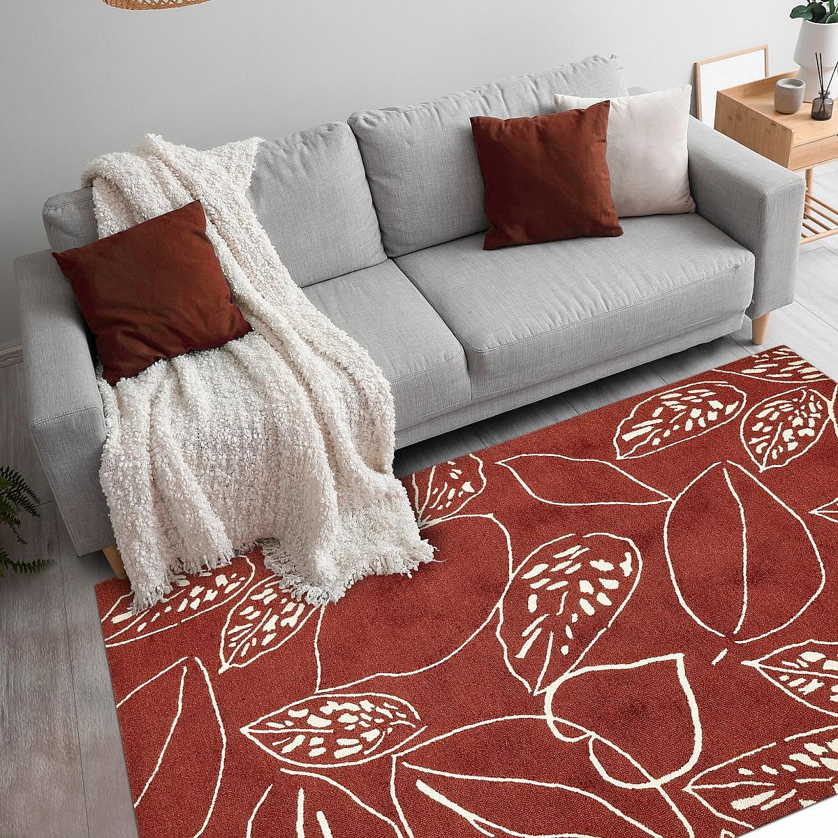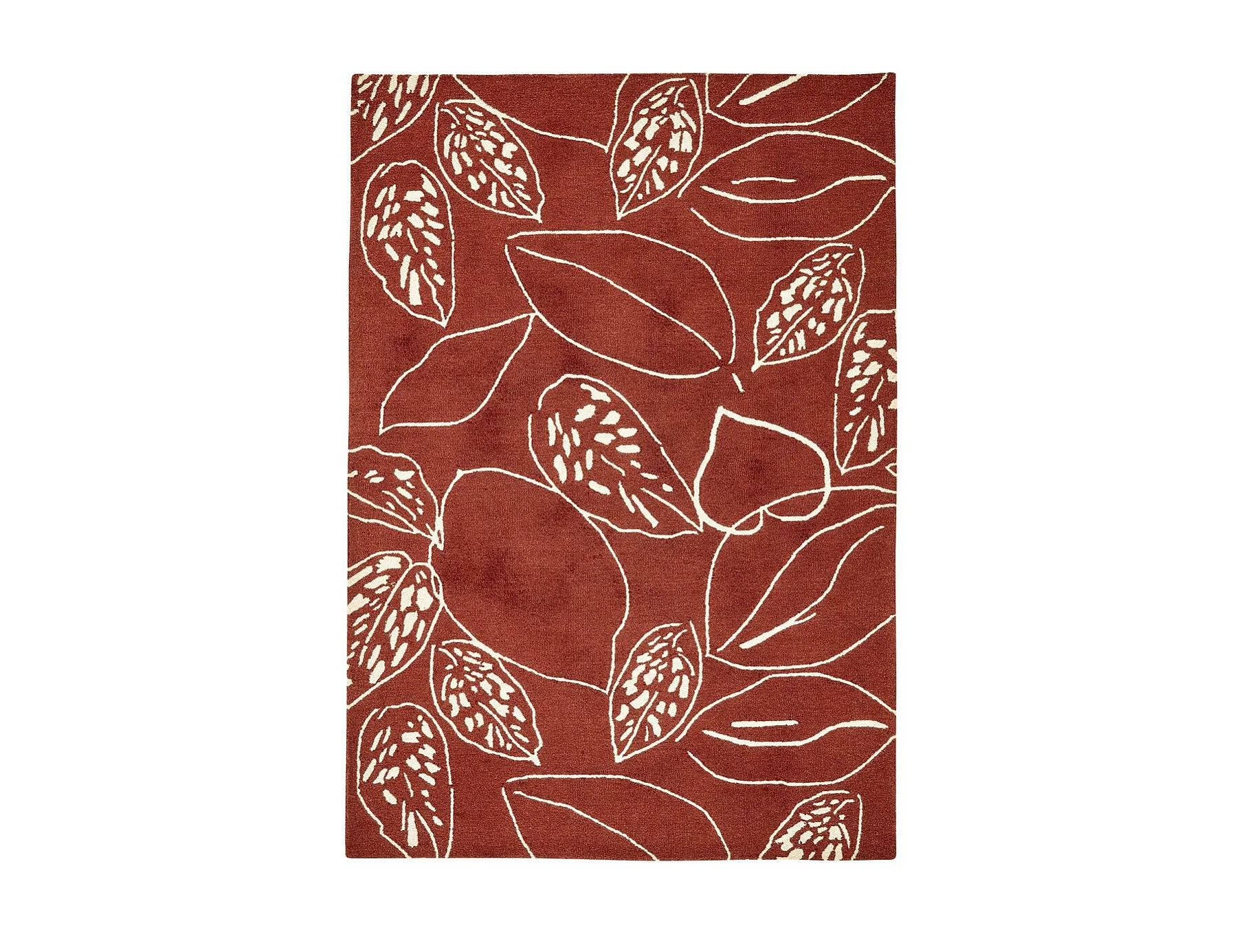 tapis grand salon 250x350 fait à la main en laine rouge et crème motif floral
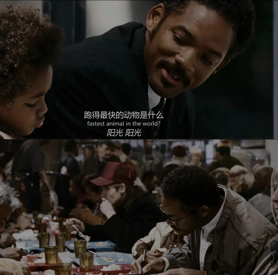 🍀电影里的克里斯,带着孩子挤过地铁厕所,在收容所长时间排队,被生活一次次逼到谷底,狼狈又倔强,却从没有向命运低头。
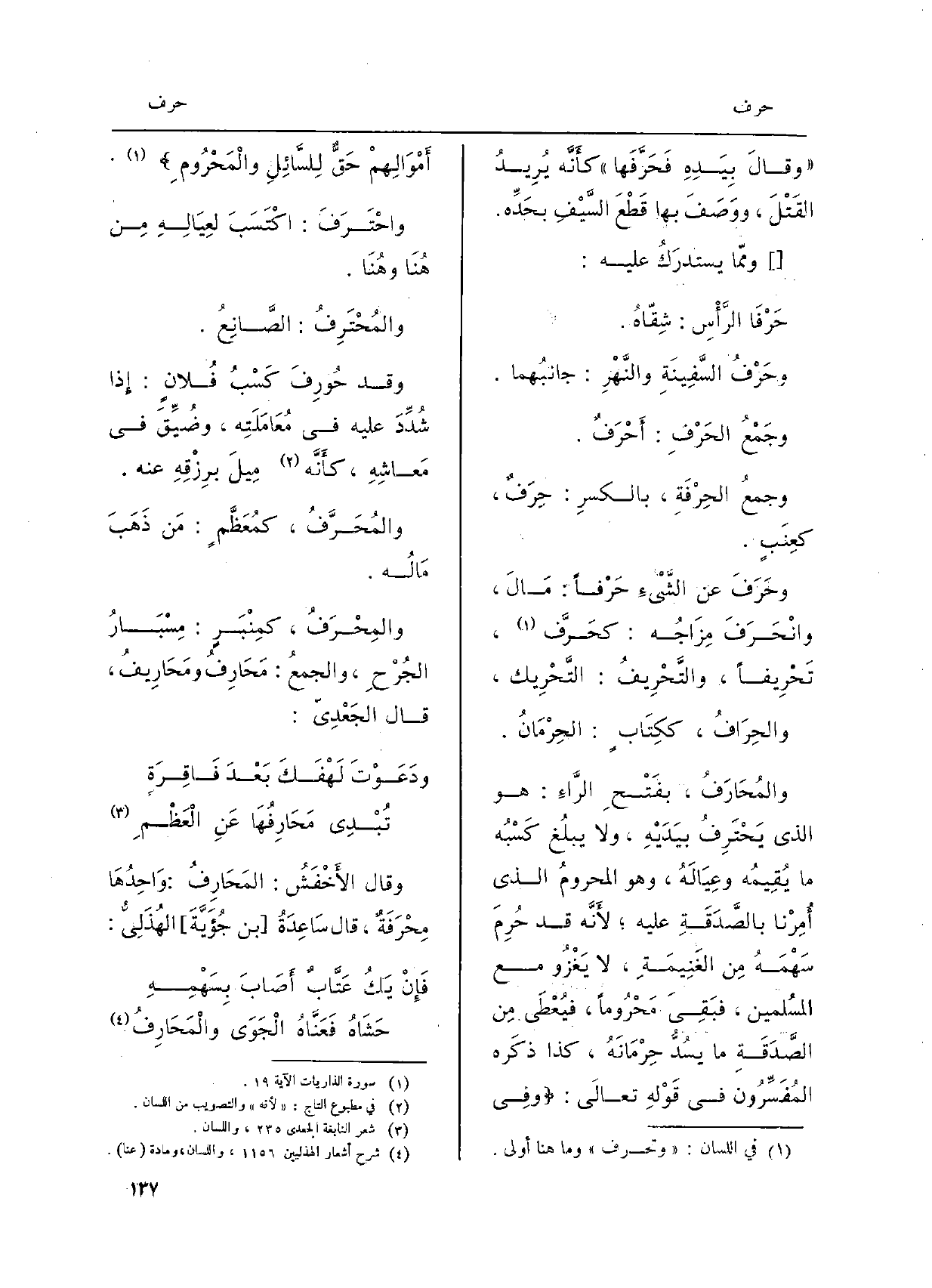 وجَمْعُ الحَرْفِ: أَحْرَفٌ. وجَمْعُ الحَرْفَةِ، بالكسرِ: حِرَفٌ كعِنَبٍ.
____
▶ _AIM OF THE EXERCISE_: Leave the images out and transcribe the rest of the material exactly.

▶ _RESULT OF THIS TASK_:
 tapis grand salon 250x350 fait à la main en laine rouge et crème motif floral
 🍀电影里的克里斯,带着孩子挤过地铁厕所,在收容所长时间排队,被生活一次次逼到谷底,狼狈又倔强,却从没有向命运低头。
 وجَمْعُ الحَرْفِ: أَحْرَفٌ. وجَمْعُ الحَرْفَةِ، بالكسرِ: حِرَفٌ كعِنَبٍ.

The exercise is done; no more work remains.